** Opening Dataset extract block **
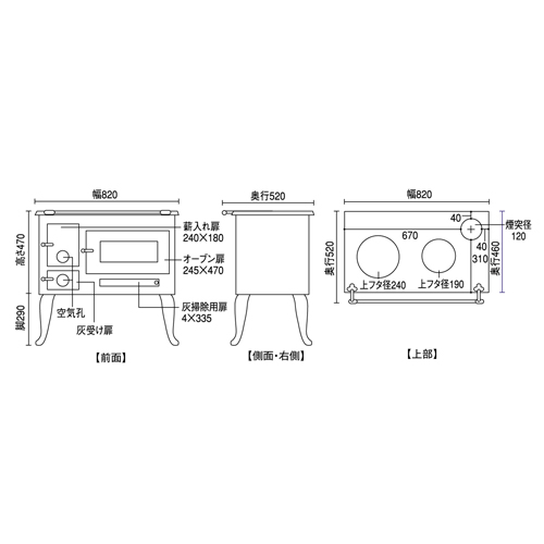 オーブン下部と左側がストーブなっており、ここで発生した熱が
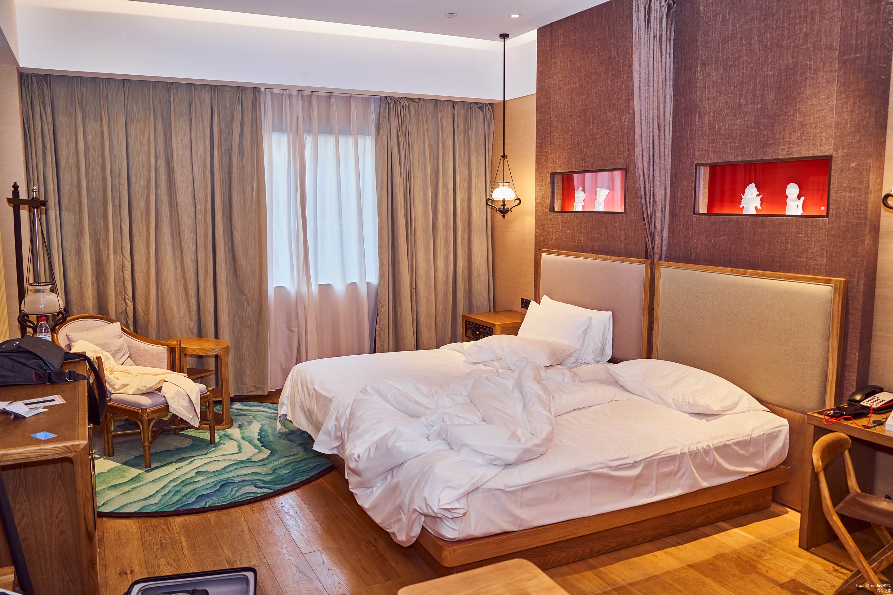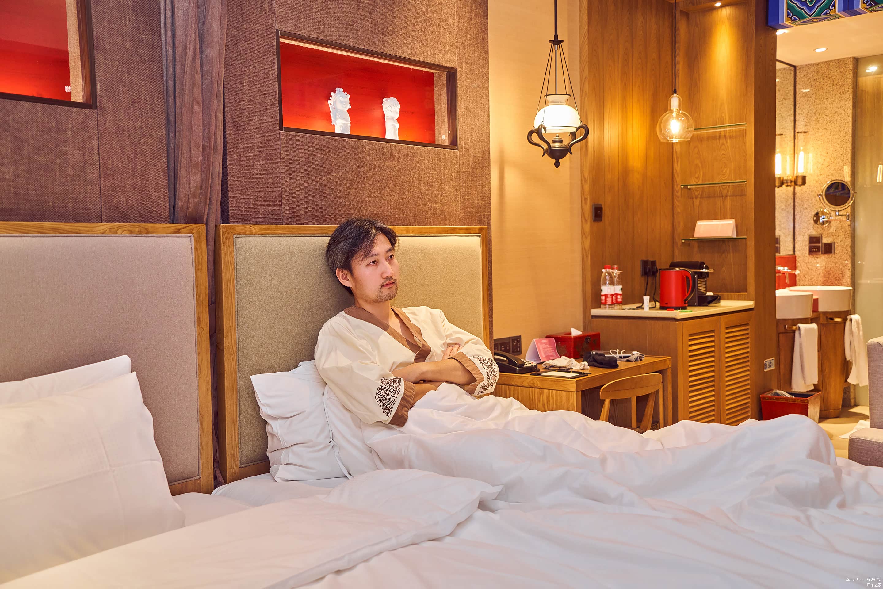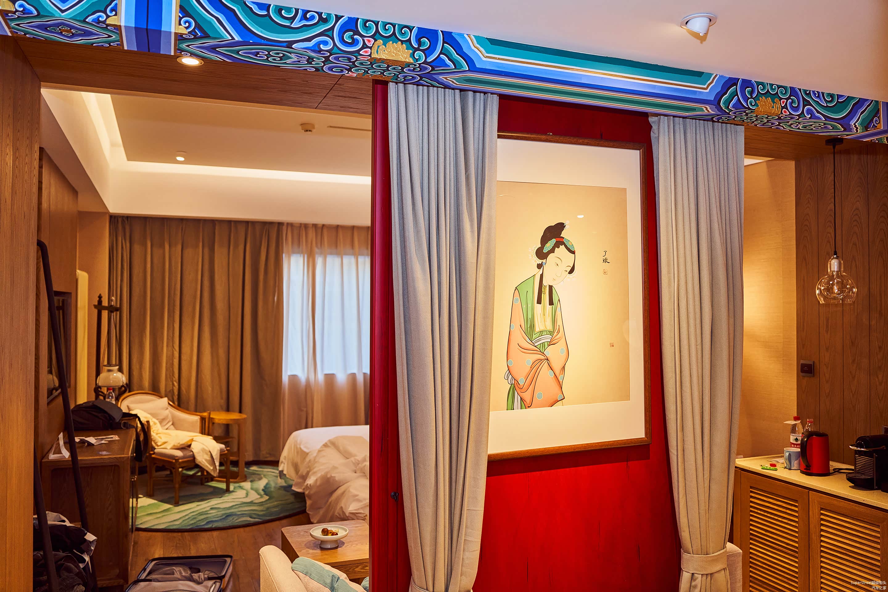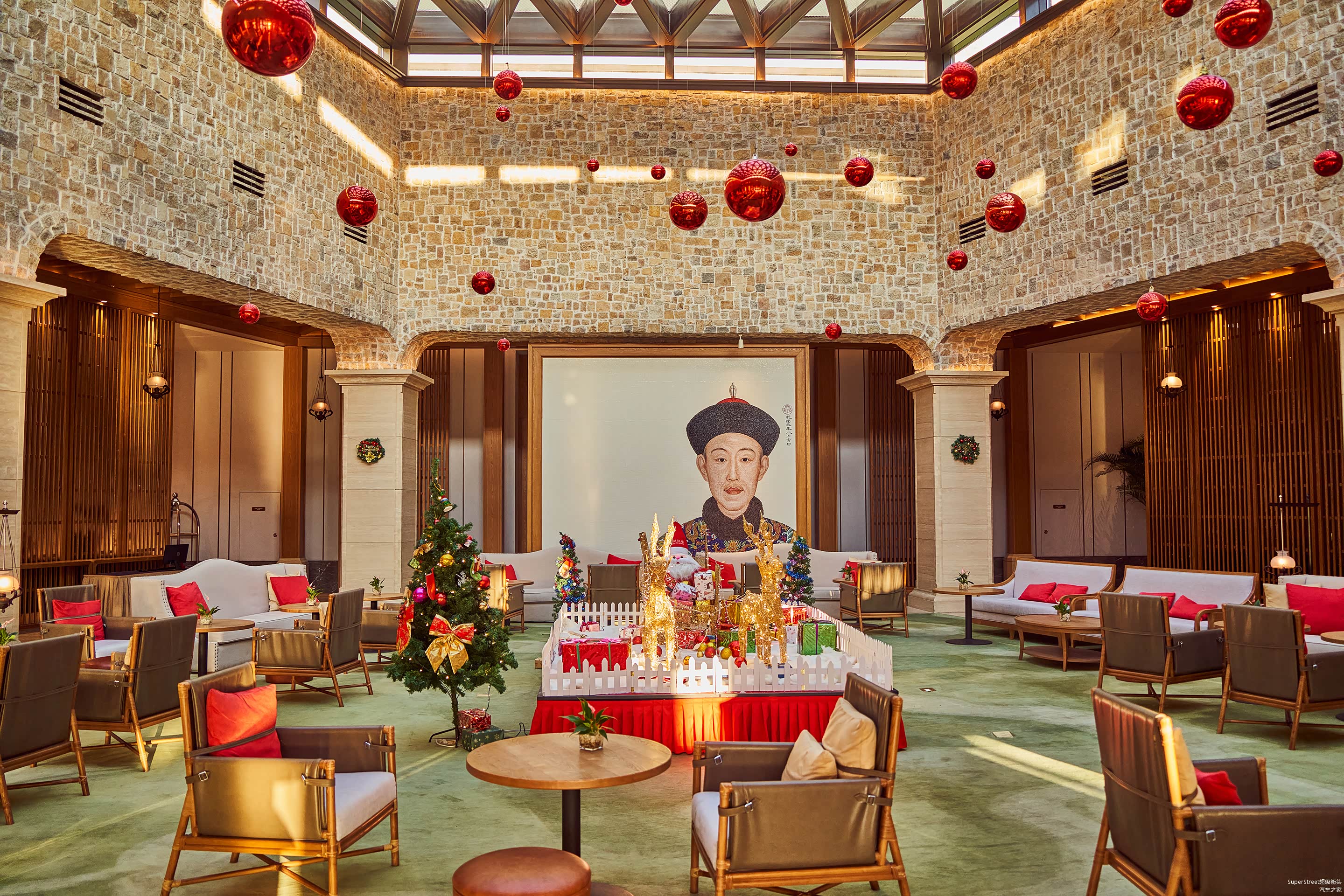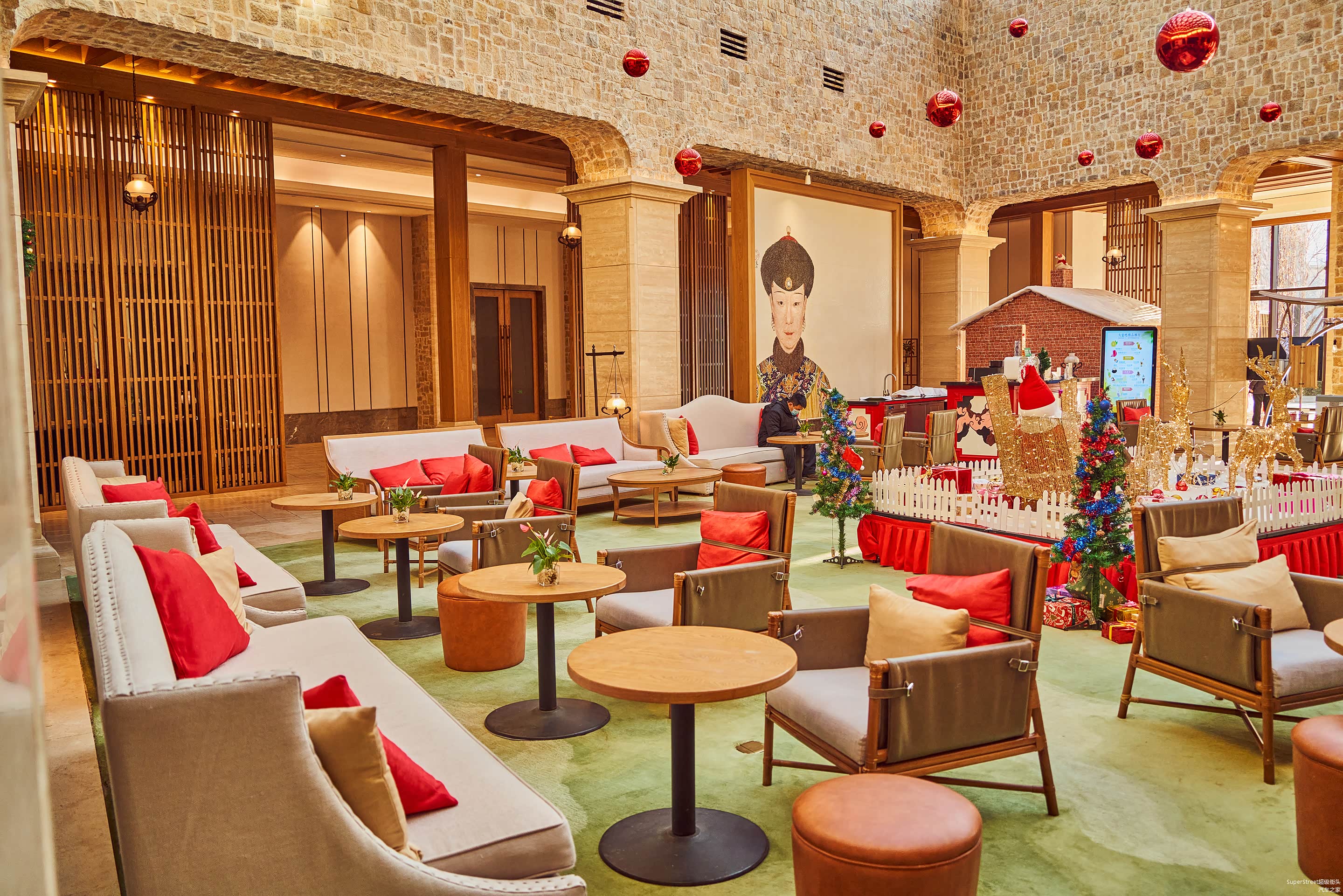 进入古北水镇后,入住古北之光温泉酒店,大堂的休息区虽然没有奢华高端的感受,看起来也还是很舒适休闲的,看到屏风上乾隆皇帝的画像,以此来彰显当年乾隆皇帝也来此游玩度假。
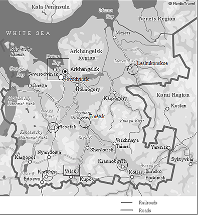 Figure 1: Map of the Arkhangelsk region, Northwest Russia. Urban and rural
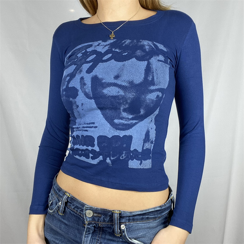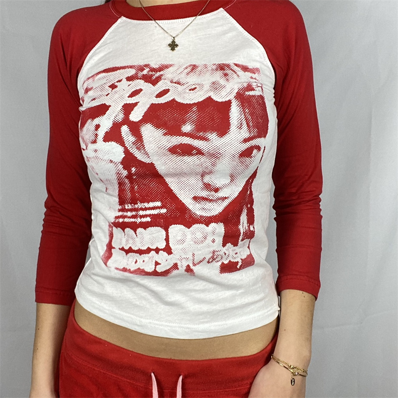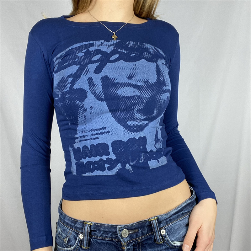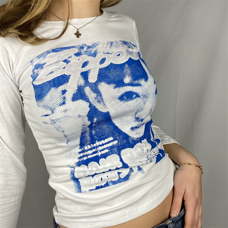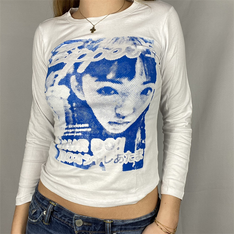 Футболка с длинным рукавом и рисунком лица 90s, облегающая футболка Y2K, топ 2021, Женская Футболка Harajuku с графическим принтом, туники, уличная футболка
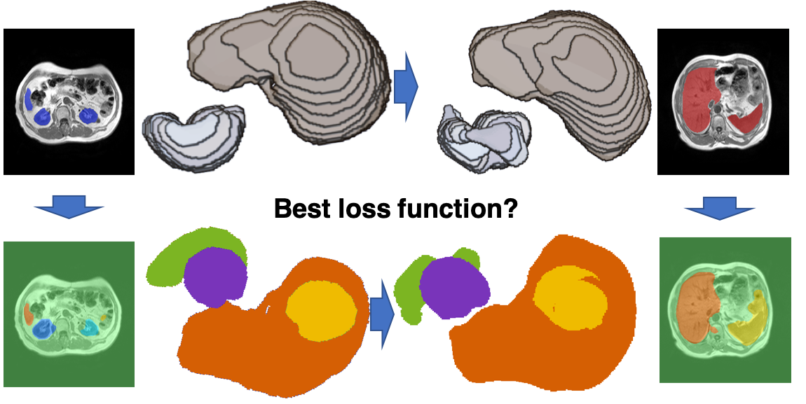 Segmentation of Magnetic Resonance Images (MRI) of abdominal organs is useful for analysis prior to surgical procedures and for further processing. Deep Learning (DL) has become the standard, researchers have proposed improvements that include multiple views, ensembles and voting. Loss function alternatives, while being crucial to guide automated learning, have not been compared in detail. In this work we analyze limitations of popular metrics and their use as loss, study alternative loss variations based on those and other modifications and search for the best approach. An experimental setup was necessary to assess the alternatives. Results for the top scoring network and top scoring loss show improvements between 2 and 11 percentage points (pp) in Jaccard Index (JI), depending on organ and patient (sequence), for a total of 22 pp over 4 organs, all this being obtained just by choosing the best performing loss function instead of cross-entropy or dice. Our results apply directly to MRI of abdominal organs, with important practical implications for other architectures, as they can be applied easily to any of them. They also show the worth of variants of loss function and loss tuning, with future work needed to generalize and test in other contexts.
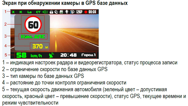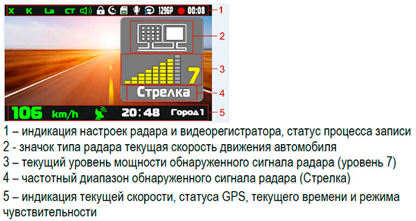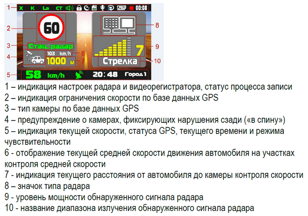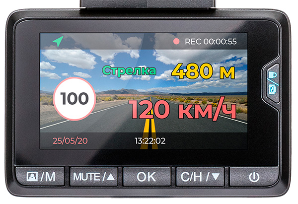Теперь о том, какую информацию может получать водитель на экране данного видеорегистратора.
** Closing Dataset extract block **
*Problem requirements*
Transcribe the lines above exactly, beginning at the one with "进入古北水镇后,入住古北之光" and ending at the one with "Футболка с длинным". Include both; exclude the pictures.

*Task result*
 进入古北水镇后,入住古北之光温泉酒店,大堂的休息区虽然没有奢华高端的感受,看起来也还是很舒适休闲的,看到屏风上乾隆皇帝的画像,以此来彰显当年乾隆皇帝也来此游玩度假。
 Figure 1: Map of the Arkhangelsk region, Northwest Russia. Urban and rural
 Футболка с длинным рукавом и рисунком лица 90s, облегающая футболка Y2K, топ 2021, Женская Футболка Harajuku с графическим принтом, туники, уличная футболка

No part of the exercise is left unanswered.